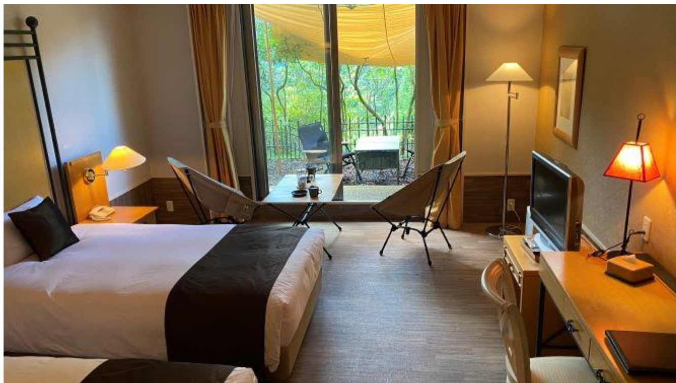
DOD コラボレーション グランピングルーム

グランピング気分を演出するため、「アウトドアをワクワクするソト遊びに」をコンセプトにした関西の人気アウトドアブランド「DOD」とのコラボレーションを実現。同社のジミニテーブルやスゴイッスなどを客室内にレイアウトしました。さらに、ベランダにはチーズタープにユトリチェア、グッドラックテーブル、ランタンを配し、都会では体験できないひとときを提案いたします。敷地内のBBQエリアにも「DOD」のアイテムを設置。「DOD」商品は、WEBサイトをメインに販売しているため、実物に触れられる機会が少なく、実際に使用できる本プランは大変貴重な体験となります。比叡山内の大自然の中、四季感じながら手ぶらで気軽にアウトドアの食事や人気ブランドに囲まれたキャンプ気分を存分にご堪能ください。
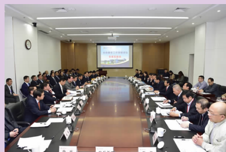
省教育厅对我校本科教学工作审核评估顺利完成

________

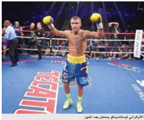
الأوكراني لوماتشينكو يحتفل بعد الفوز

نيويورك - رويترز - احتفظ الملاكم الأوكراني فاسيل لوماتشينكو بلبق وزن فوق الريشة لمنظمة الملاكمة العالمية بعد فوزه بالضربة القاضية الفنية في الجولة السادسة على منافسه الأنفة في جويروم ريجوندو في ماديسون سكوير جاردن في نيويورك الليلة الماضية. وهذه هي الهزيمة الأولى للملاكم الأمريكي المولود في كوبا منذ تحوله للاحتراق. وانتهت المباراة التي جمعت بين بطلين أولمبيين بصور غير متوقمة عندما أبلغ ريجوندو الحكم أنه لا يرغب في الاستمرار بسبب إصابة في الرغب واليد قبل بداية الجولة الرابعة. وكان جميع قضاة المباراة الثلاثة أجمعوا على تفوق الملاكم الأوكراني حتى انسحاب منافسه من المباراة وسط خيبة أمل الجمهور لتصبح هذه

________

▸ **Problem description**
In the entries above, which lines run from the one with "DOD コラボレーション グランピングルーム" up to and including the one with "省教育厅对我校本科教学工作审核评估顺利完成"? Write them out exactly, without the pictures.

▸ **Answer**
DOD コラボレーション グランピングルーム

グランピング気分を演出するため、「アウトドアをワクワクするソト遊びに」をコンセプトにした関西の人気アウトドアブランド「DOD」とのコラボレーションを実現。同社のジミニテーブルやスゴイッスなどを客室内にレイアウトしました。さらに、ベランダにはチーズタープにユトリチェア、グッドラックテーブル、ランタンを配し、都会では体験できないひとときを提案いたします。敷地内のBBQエリアにも「DOD」のアイテムを設置。「DOD」商品は、WEBサイトをメインに販売しているため、実物に触れられる機会が少なく、実際に使用できる本プランは大変貴重な体験となります。比叡山内の大自然の中、四季感じながら手ぶらで気軽にアウトドアの食事や人気ブランドに囲まれたキャンプ気分を存分にご堪能ください。
省教育厅对我校本科教学工作审核评估顺利完成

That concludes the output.